I make those generalizations because the information is general. :)
If there are a ton of short steep climbs go lower.
Luwabra
08-29-2018, 01:21 PM
Here’s the profile steep short climbs
Gummee
08-29-2018, 03:22 PM
Here’s the profile steep short climbs
Ick! Better you than me!
M
Road Fan
08-29-2018, 03:38 PM
40/42 low gear low enough?
Do you already have the 9s RD? Personally, I would just get a clutch RD intended for a large cog 1x setup and skip the Wolftooth compromise.
Something like a SRAM X9 or even a Shimano SLX or XT 11s RD (M700/M800).
Ok, Colonel you are making me feel older than I am, but I do have some wide-range setup issues of my own. What is a clutch rear derailleur?
jtbadge
08-29-2018, 03:41 PM
I agree with above poster, get a 10 speed SRAM MTB clutch RD (ala X9) or Apex/Rival 1 RD and right hand 10 speed road shifter. Skip friction shifting 10 speed.
NHAero
08-29-2018, 04:07 PM
FWIW - I have a Shimano 6600 STI 10 speed shifter operating a Shimano XT RD-M772 rear derailleur (older style Shadow RD, non-clutch) on a Sunrace 11-40 cassette without a special link on my Litespeed Unicoi. It shifts pretty well, though not as well as when I first had it set up with a Dura Ace 10 speed barcon shifter.
David Tollefson
08-29-2018, 04:22 PM
Ok, Colonel you are making me feel older than I am, but I do have some wide-range setup issues of my own. What is a clutch rear derailleur?
The "clutch" RD increases the cage spring to maintain higher chain tension, thus reducing chain slap and helps keep the chain on the single chainring without needing a retention device (dummy FD or the like).
maslow
08-29-2018, 04:29 PM
i have wondered about this myself Colonel - how do you think a clutch RD would work with friction shifters? OK?
I have two bikes set up with Shimano shadow ‘clutch’ rear mechs along with Shimano Bar end shifters set to friction mode. One is 9 speed (heavy touring) the other set up 10 speed. Both have flawless shifting.

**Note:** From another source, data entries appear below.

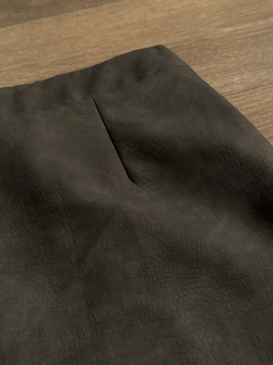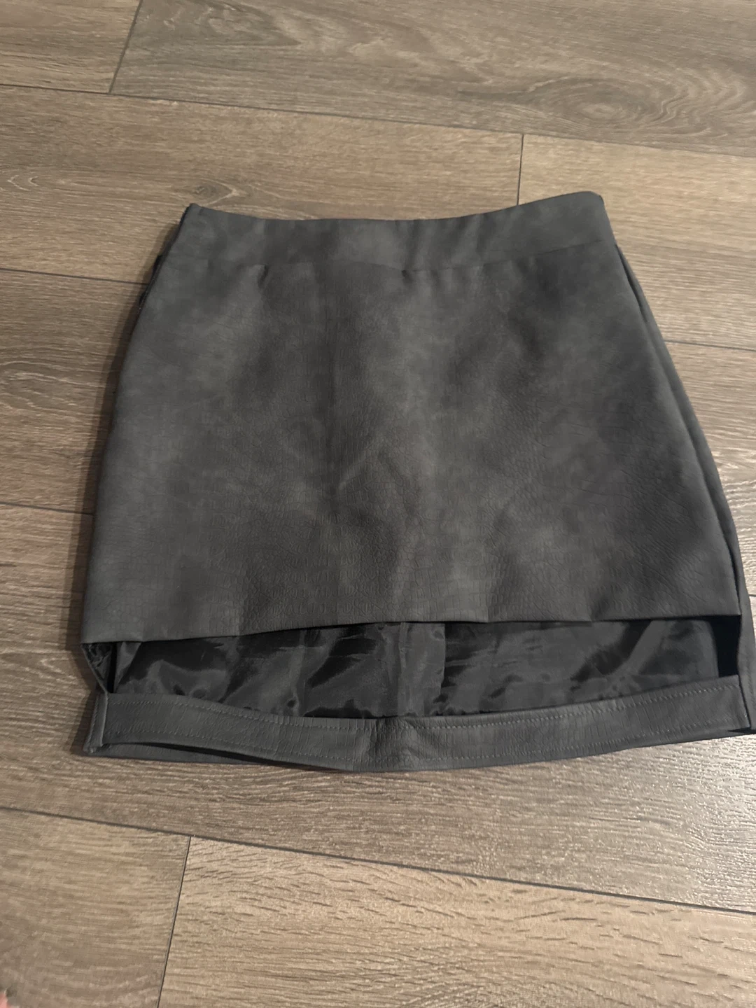 Selling a cute grey mini skirt! It has a faux leather texture that looks like crocodile skin. The skirt is in great condition and would be a stylish addition to any wardrobe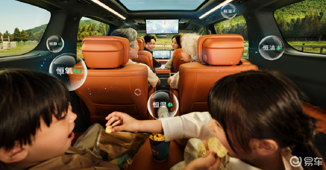 健康座舱成为至境世家的核心卖点之一。内饰采用“水生美学”设计语言,大量运用全粒面Nappa真皮与澳洲羊毛地毯等高端材质。车辆搭载“五恒”健康系统,通过松下nanoe™X空气净化技术、OEKO-TEX婴儿级认证座椅皮革等配置,实现恒温、恒湿、恒氧、恒洁、恒静的座舱环境。官方数据显示,其电磁辐射值低于普通手机,进一步强化健康属性。智能座舱方面,高通8775芯片支撑起多屏交互生态,前排配备16.3英寸中控屏与副驾娱乐屏,后排设置21英寸4K智慧屏,尊享版车型更提供50英寸AR-HUD抬头显示。第二排座椅扶手内置双5.5英寸触摸屏,可控制700余项车控功能,语音助手支持分区唤醒与AI大模型交互。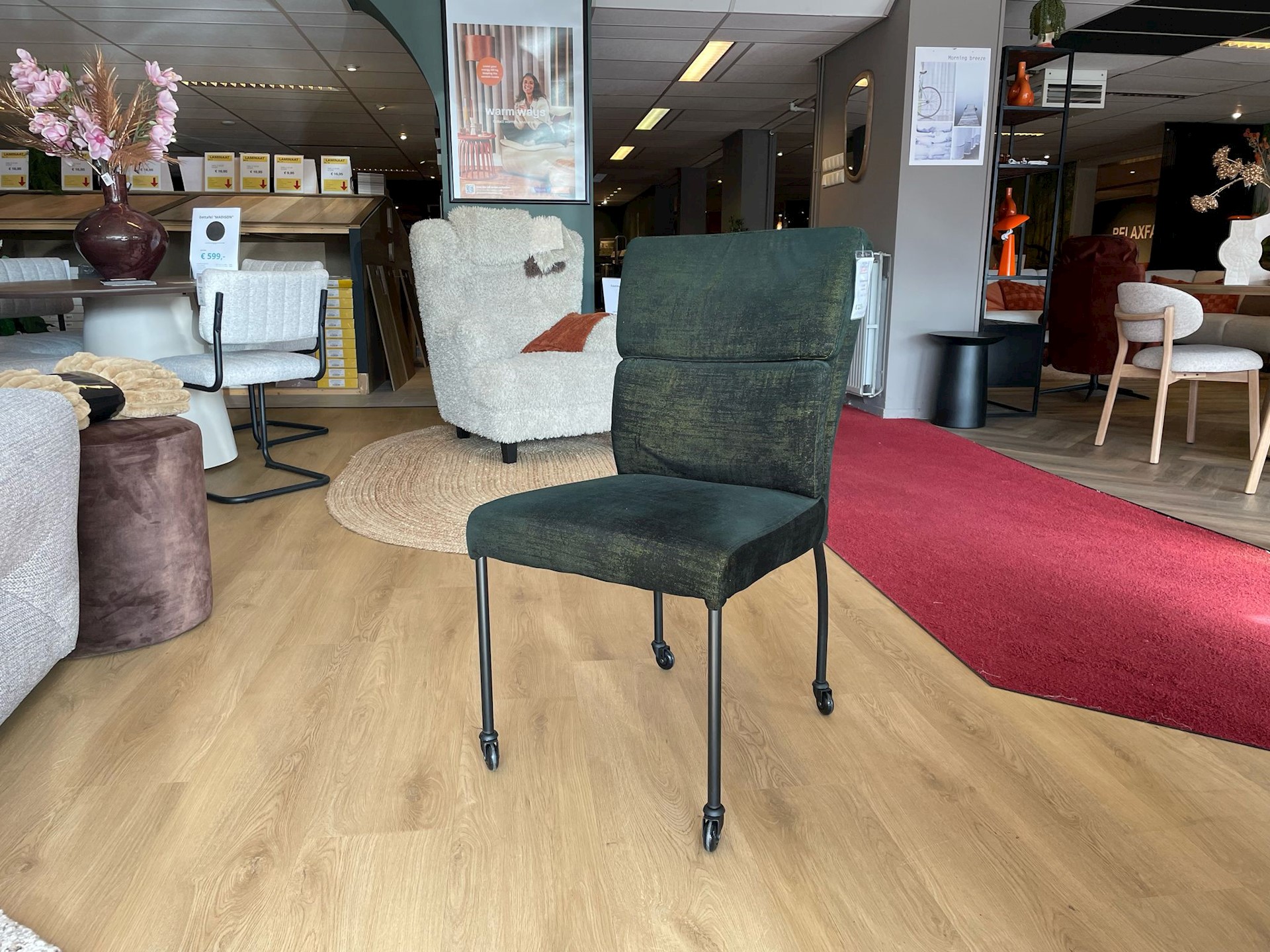 Eetkamerstoel Lotte heeft een goed zitcomfort door de extra kussens. Ook is ze erg functioneel door de wieltjes. Ze heeft geen armleuningen, de eetkamerstoel Lieke is met armleuningen. Ze is in diverse kleuren en stoffen leverbaar.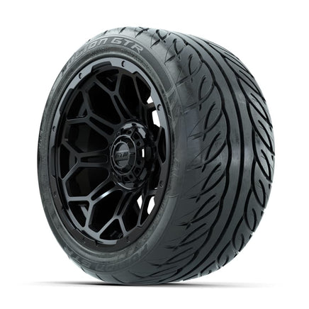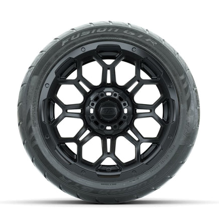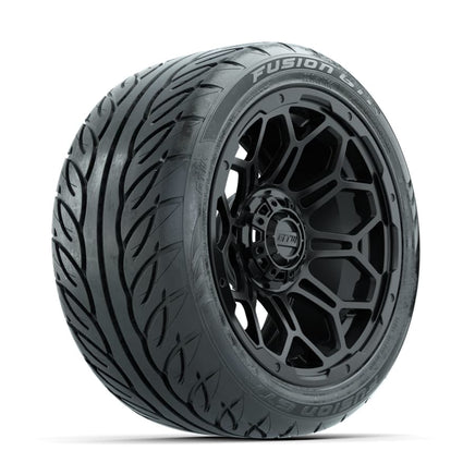 A set of (4) 14-inch GTW® Bravo Matte Black golf cart wheels Mounted on 225/40-R14 GTW® Fusion GTR Steel Belted Street Tires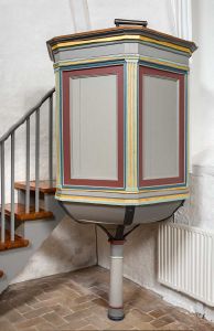 Prædikestol, antageligt fra 1819/20 Litteratur: Danmarks Kirker, Odense Amt hft. 48-49, s. 5401, fig. 36.

Sent from my iPhone using Tapatalk Pro
HTupolev
08-29-2018, 04:44 PM
What is a clutch rear derailleur?
Clutch rear derailleurs have a clutched friction plate on their tension spring.
The tension cage works more or less normally when it's rotating backwards to wrap chain (i.e. after the drivetrain has shifted onto a smaller cog), but there's friction acting against the tension cage when it's swinging forward to release chain (i.e. when the drivetrain shifts onto a bigger cog).
Because of the friction, very little chain get released when the bike hits bumps, so the chain doesn't bounce (and slap against the chainstay, and risk derailing) when riding on rough surfaces.